Élodie écrit dans son livre que la prétendue neutralité de la science est un mythe dangereux. Elle argue : "Revendiquer une neutralité scientifique revient souvent à défendre le statu quo. La seule prétention de la science devrait être l’objectivité de ses méthodes." Mais, comme elle le souligne, il n'y a pas de véritable neutralité, car le choix des questions de recherche est souvent influencé par les intérêts personnels des chercheurs. Cette subjectivité complexifie encore davantage le paysage scientifique, notamment au vu du financement de la recherche qui est de plus en plus dépendant de sources politiques et privées.

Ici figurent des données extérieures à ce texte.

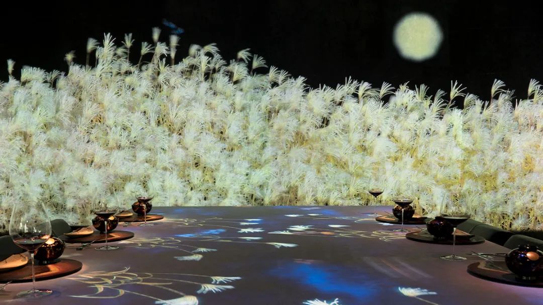 "MoonFlower Sagaya Ginza Art by teamLab”是日本高档和牛餐厅Sagaya银座与艺术团体teamLab合作设计的一个沉浸式互动餐厅。整个空间将优雅的美食和食器与实时投影相结合,为用餐者提供多重感官的用餐体验。
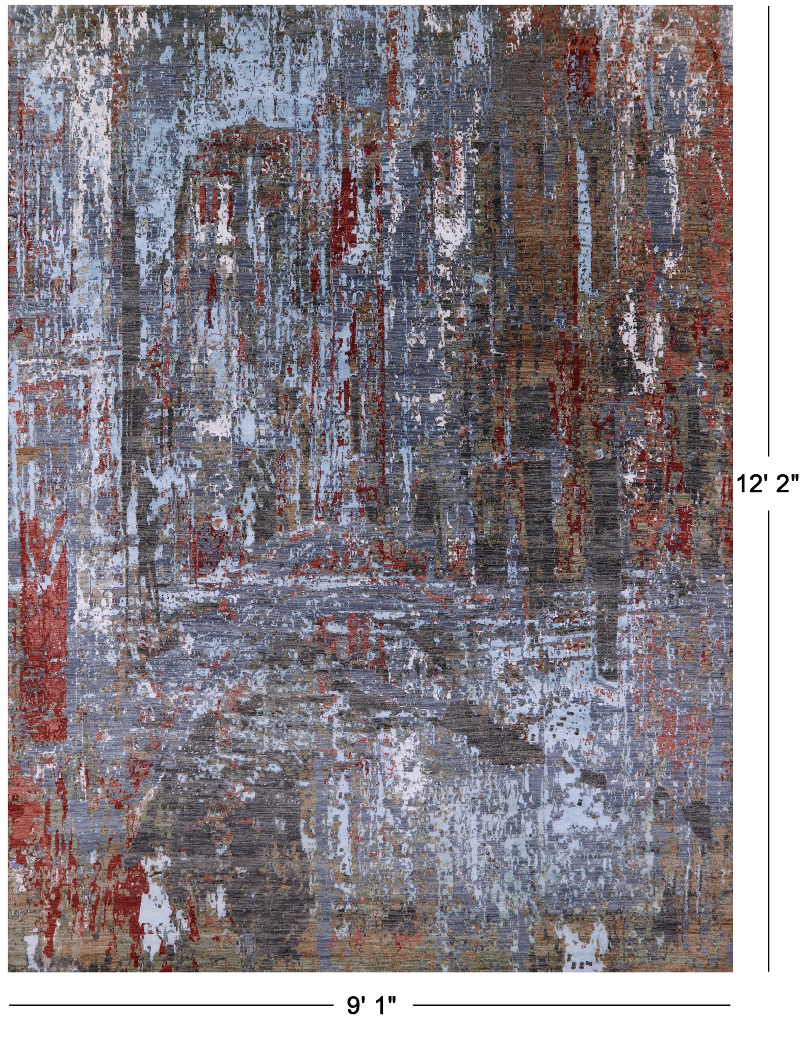 Modern Hand Knotted Wool & Silk Rug - 9' 1" X 12' 2"

Elle met également en lumière la confusion entre science et technologie, particulièrement auprès des pro-technosolutionnistes qui se proclament défenseurs de la science. Cette tendance est alimentée par des individus qui, bien qu'ayant des compétences techniques, ne participent pas à des recherches authentiques.

L'ouvrage aborde aussi la responsabilité de la science dans la dégradation de l'environnement. "Nombre de recherches ont non seulement facilité la détérioration de notre écosystème, mais continuent à le faire", note-t-elle, tout en soulignant la nécessité d'une approche critique bénéfique à l'amélioration de cette situation.

Face à la montée des désinformations et des complots, Élodie appelle à l'intégration et à la valorisation des savoirs traditionnels dans les méthodes scientifiques. Par exemple, certaines pratiques ancestrales concernant le biocontrôle des plantes peuvent encore s'avérer efficaces, mais doivent être testées rigoureusement.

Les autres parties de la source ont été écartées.